- Yes, $T$ = any proposition that is necessarily (or always) true (a tautology).
- And $F$ = any proposition that is necessarily (or always) false (a contradiction).
- The symbol $\;$"$\;\land\;$" denotes logical AND (conjunction).
- The symbol $\;$"$\,\lor\,$" denotes logical OR (disjunction).
- The symbol "$\;\equiv\,$" denotes "is logically equivalent to" or if you prefer, it denotes "if and only if".
*It might be helpful to review the truth-tables for the logical connectives $\land,\;\lor,\;\text{and}\;\equiv\;(\text{or}\;\iff)\;$ to understand why te following assertions must be true:
$p \land T \equiv p$ $p \lor F \equiv p$ $p \lor T \equiv T$ $p \land F \equiv F$
With respect to your second question.
Yes, for the first identity, we have that $\; p \land T\;$ is logically equivalent to $\; p.\;$
Put differently: $(p\,$ AND $\,T)\;$ if and only if $\;p$.
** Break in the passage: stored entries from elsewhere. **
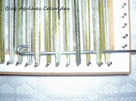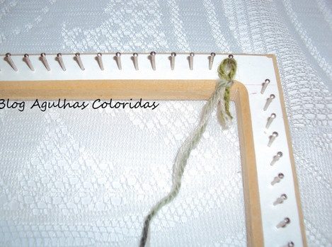 Смотрим начало плетения. Привязываем нитку к гвоздику и протягиваем к противолежащему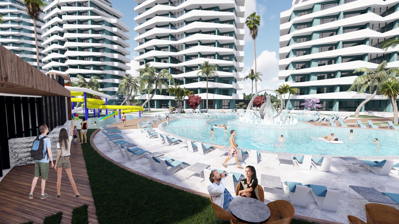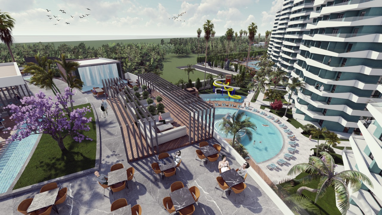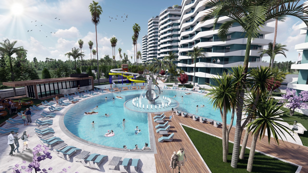 Особой гордостью является бассейн с аквапарком, который обеспечивает массу веселья и адреналина для посетителей всех возрастов. Этот жилой комплекс на Северном Кипре предоставляет разнообразие развлечений, делая ваше пребывание незабываемым и комфортным.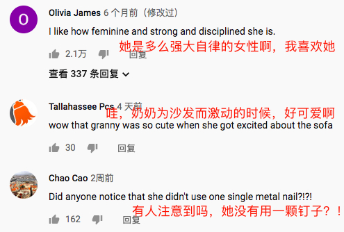 她发了一个自制竹沙发的视频,视频下面就成了这样。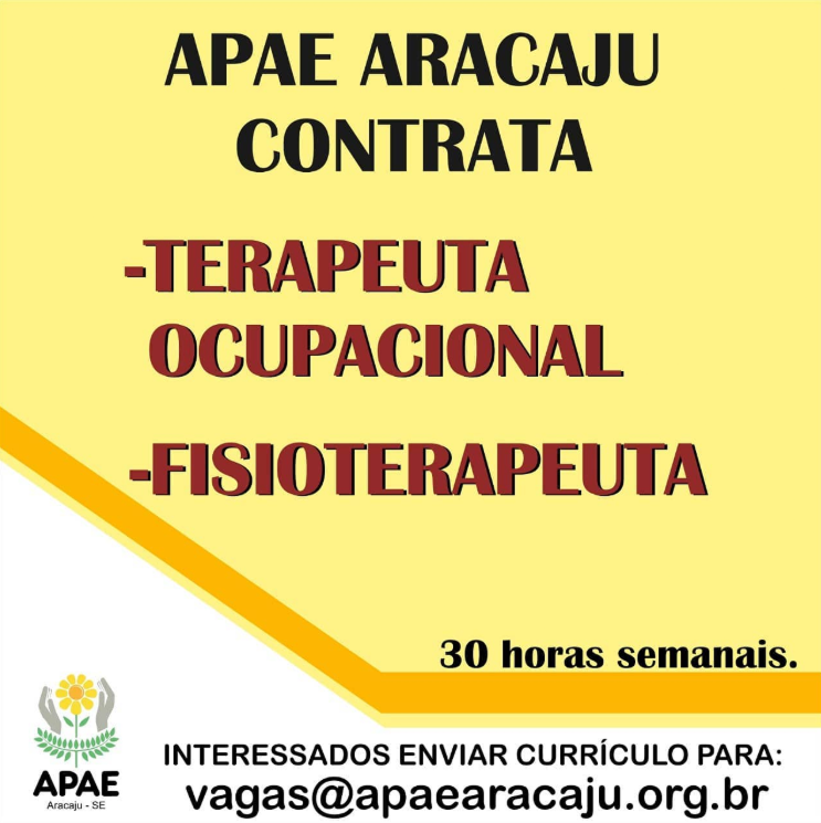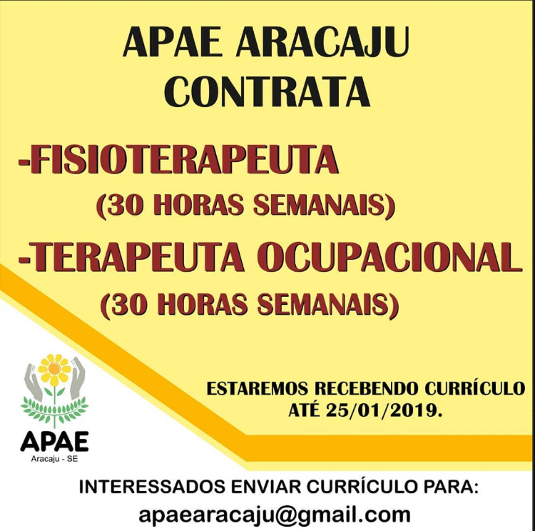 | Chamamento Via Rede Social - A APAE Aracaju oferece vaga de emprego para Terapeuta Ocupacional, com 30 horas semanais. | 18/02/2020 |

Since $T$ represents a tautology (true no matter what), then the truth-value of $\;p \land T\;$ depends only on the truth-value of $\;p\;$: When $p$ is false both sides of the equivalence are false, and when $p$ is true, both sides of the equivalence are true.
So yes,
$p \land T \equiv p$.
This also means $(p \land T \iff p):\quad$ ($p$ and $T$) if and only if $(p)$